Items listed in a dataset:

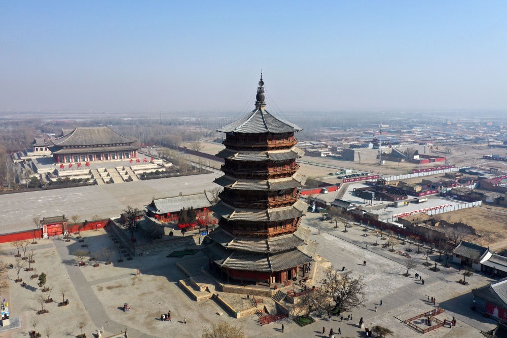 位于山西朔州市的應縣木塔建于遼代清寧二年(1056年),塔高67.31米,上下連接的全部架構(gòu)均由卯榫咬合而成,是世界上現(xiàn)存最古老、最高大的純木結(jié)構(gòu)建筑(2025年3月7日攝,無人機照片)。
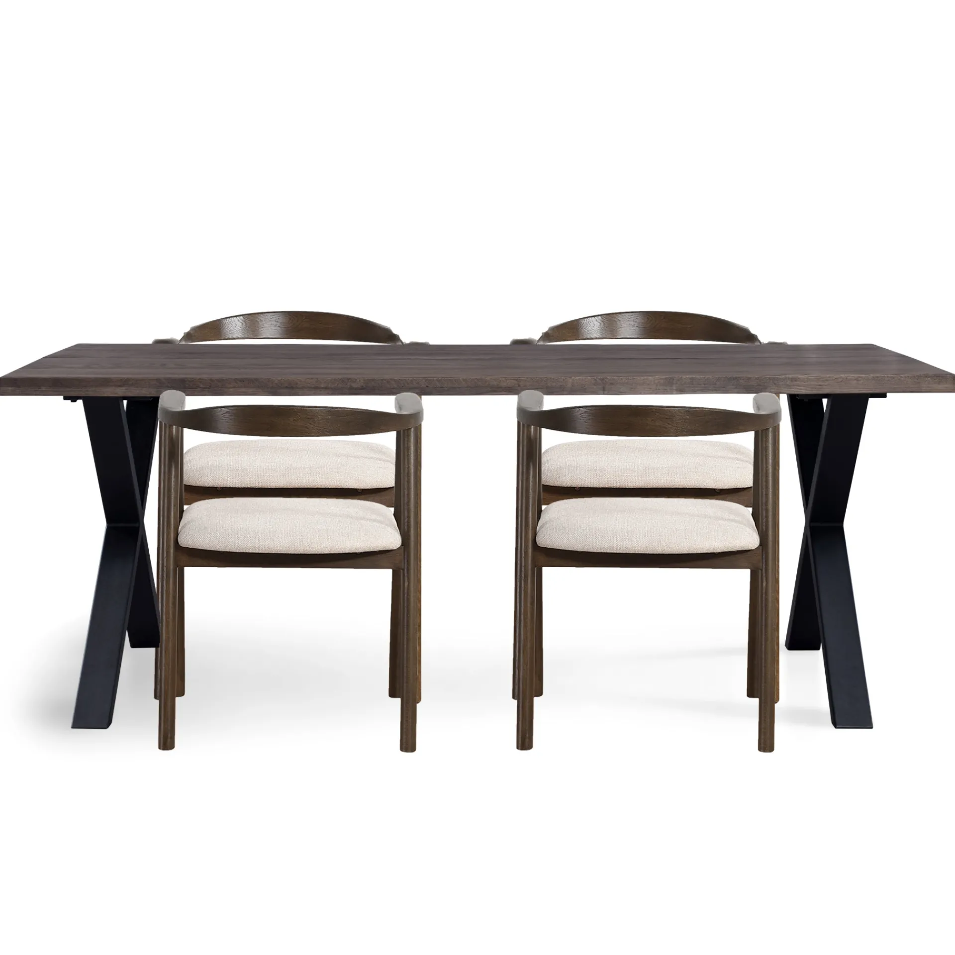 Spisebordssæt – Susan plankebord i røget eg 200 cm + 4 x Jocelyn spisebordsstole i røget eg med beige polstrede sæder
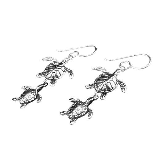 Sterling Silver .925 HOOK Earrings 15mmx17mm Turtle
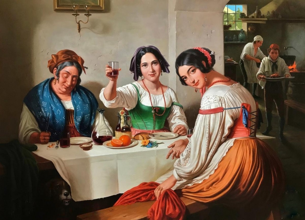 Моя многослойная живопись ведётся от начала до конца масляными красками. Сначала делается подмалевок - первый слой живописи. В многослойной живописи применяется лессировка - тонкие, прозрачные и полупрозрачные слои масляных красок, которые наносятся на хорошо просохшие слои краски.
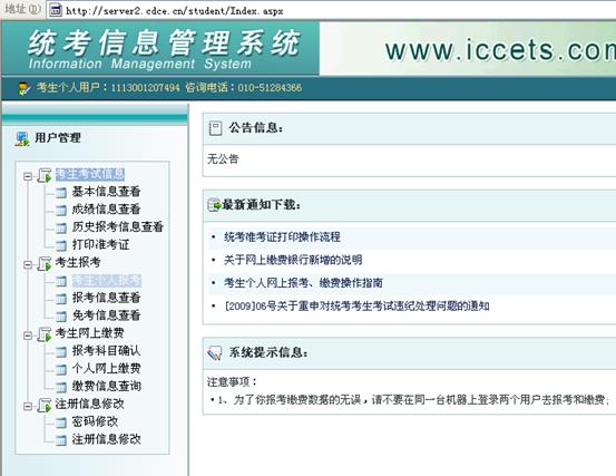 2、弹出学生个人报考页面,涉及项目在左侧列示
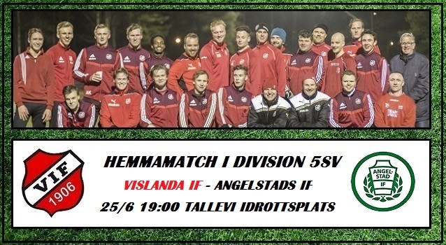 God eftermiddag Vislanda Då har det blivit dags att vända runt serien och välkomna Angelstads IF till Tallevi för match i division 5. 2019-06-25, 19:00 Tallevi Som vanligt är kiosken öppen och grillen tänd. Varmt välkomna!!
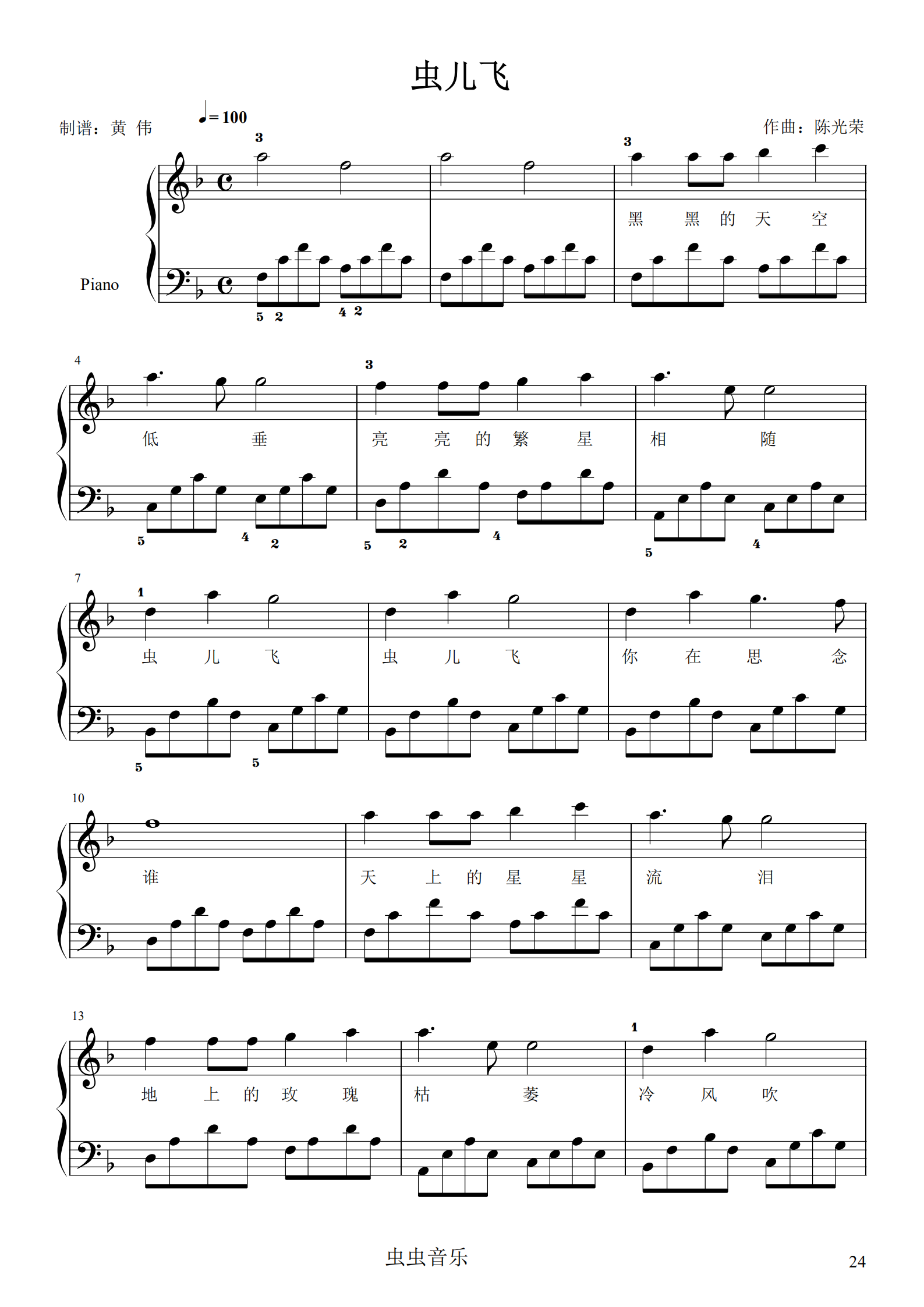 钢琴谱虫儿飞钢琴谱2页
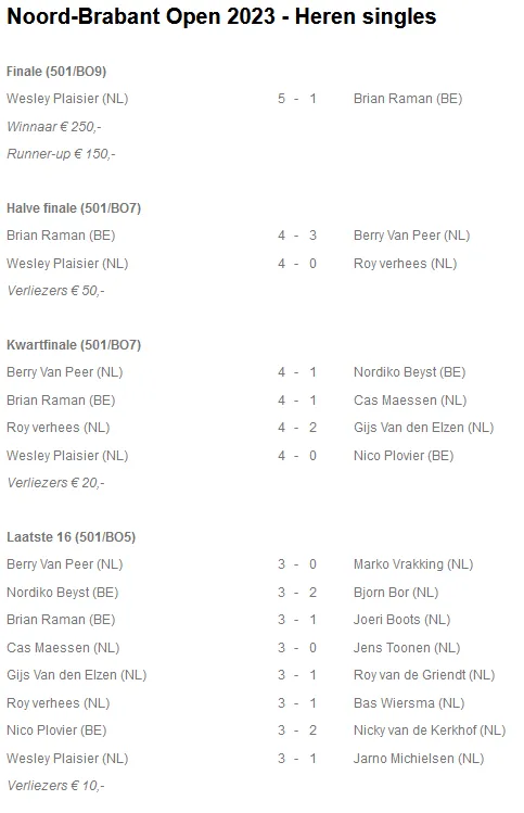 Wesley Plaisier heeft het Noord-Brabant Open 2023 op zijn naam geschreven. Brian Raman werd runner-up. Berry van Peer en Roy Verhees haalden de halve finale. De verliezersronde kwam op naam van Pim van Bijnen.
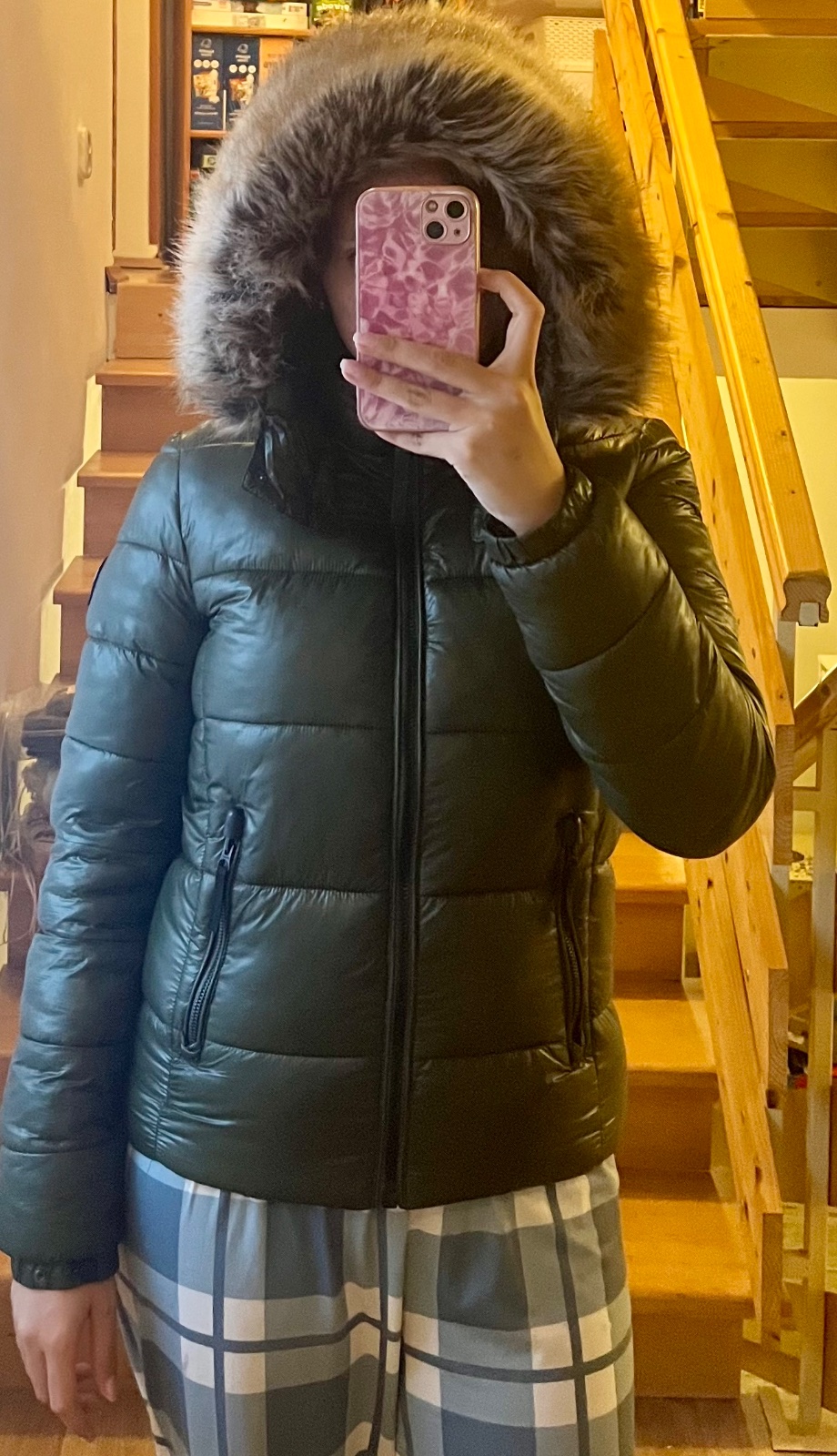 Krásna olivová zimná teplá bunda, veľmi málo nosená a bez poškodenia.
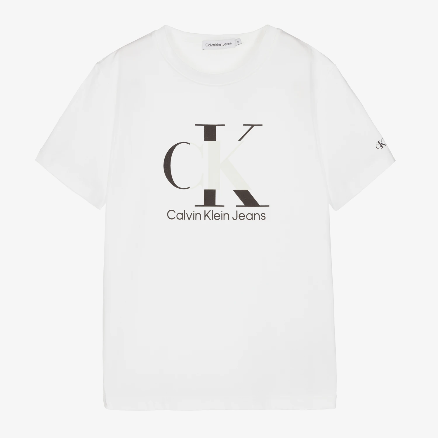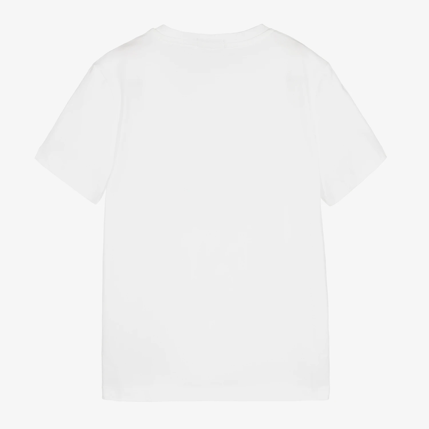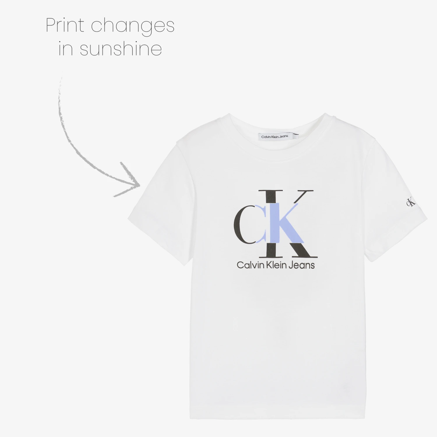 White T-shirt for teen boys by Calvin Klein Jeans, with the brand’s monogram logo printed on the front in black and white. Made in comfortable cotton jersey, the design has a sun reveal feature that causes the white print to turn blue when exposed to sunshine.
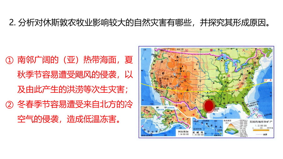 2.分析对休斯敦农牧业影响较大的自然灾害有哪些,并探究其形成原因
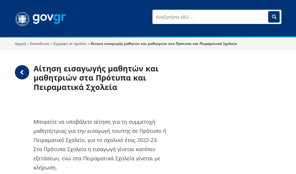 Η ηλεκτρονική κλήρωση για την επιλογή των μαθητών θα πραγματοποιηθεί την Παρασκευή 6 Μαΐου 2022.
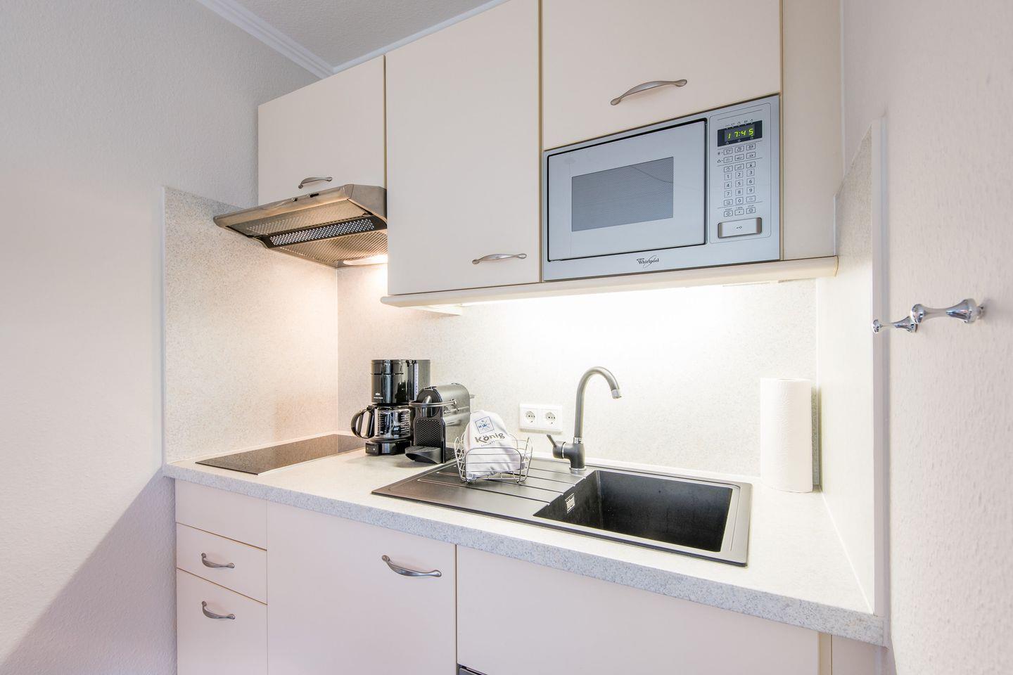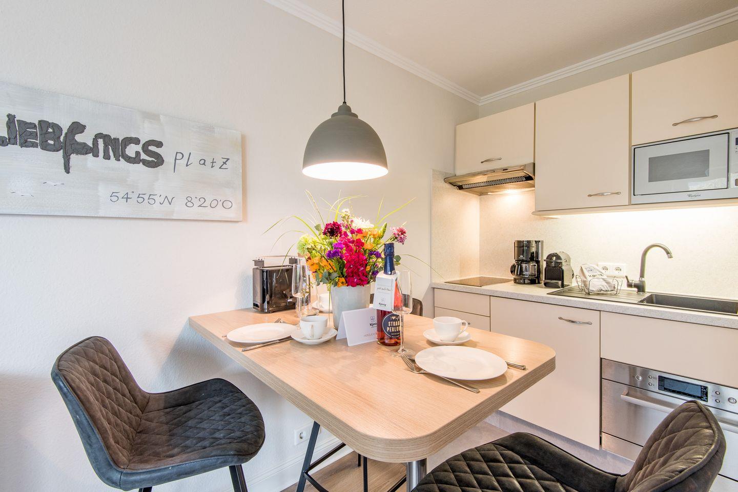 Die offene Küche bietet Ihnen alles, was Sie für eine komfortable Selbstverpflegung benötigen. Sie ist mit einem 2-Platten-Herd, einem kleinen Geschirrspüler und einer Filterkaffeemaschine ausgestattet. Der Essbereich umfasst eine Essgruppe mit drei Stühlen.

Work to complete → Above are the records; copy exactly the lines from the one with "2、弹出学生个人报考页面,涉及项目在左侧列示" through the one with "Η ηλεκτρονική κλήρωση", including both, and nothing more. Leave out pictures.

Expected answer →
 2、弹出学生个人报考页面,涉及项目在左侧列示
 God eftermiddag Vislanda Då har det blivit dags att vända runt serien och välkomna Angelstads IF till Tallevi för match i division 5. 2019-06-25, 19:00 Tallevi Som vanligt är kiosken öppen och grillen tänd. Varmt välkomna!!
 钢琴谱虫儿飞钢琴谱2页
 Wesley Plaisier heeft het Noord-Brabant Open 2023 op zijn naam geschreven. Brian Raman werd runner-up. Berry van Peer en Roy Verhees haalden de halve finale. De verliezersronde kwam op naam van Pim van Bijnen.
 Krásna olivová zimná teplá bunda, veľmi málo nosená a bez poškodenia.
 White T-shirt for teen boys by Calvin Klein Jeans, with the brand’s monogram logo printed on the front in black and white. Made in comfortable cotton jersey, the design has a sun reveal feature that causes the white print to turn blue when exposed to sunshine.
 2.分析对休斯敦农牧业影响较大的自然灾害有哪些,并探究其形成原因
 Η ηλεκτρονική κλήρωση για την επιλογή των μαθητών θα πραγματοποιηθεί την Παρασκευή 6 Μαΐου 2022.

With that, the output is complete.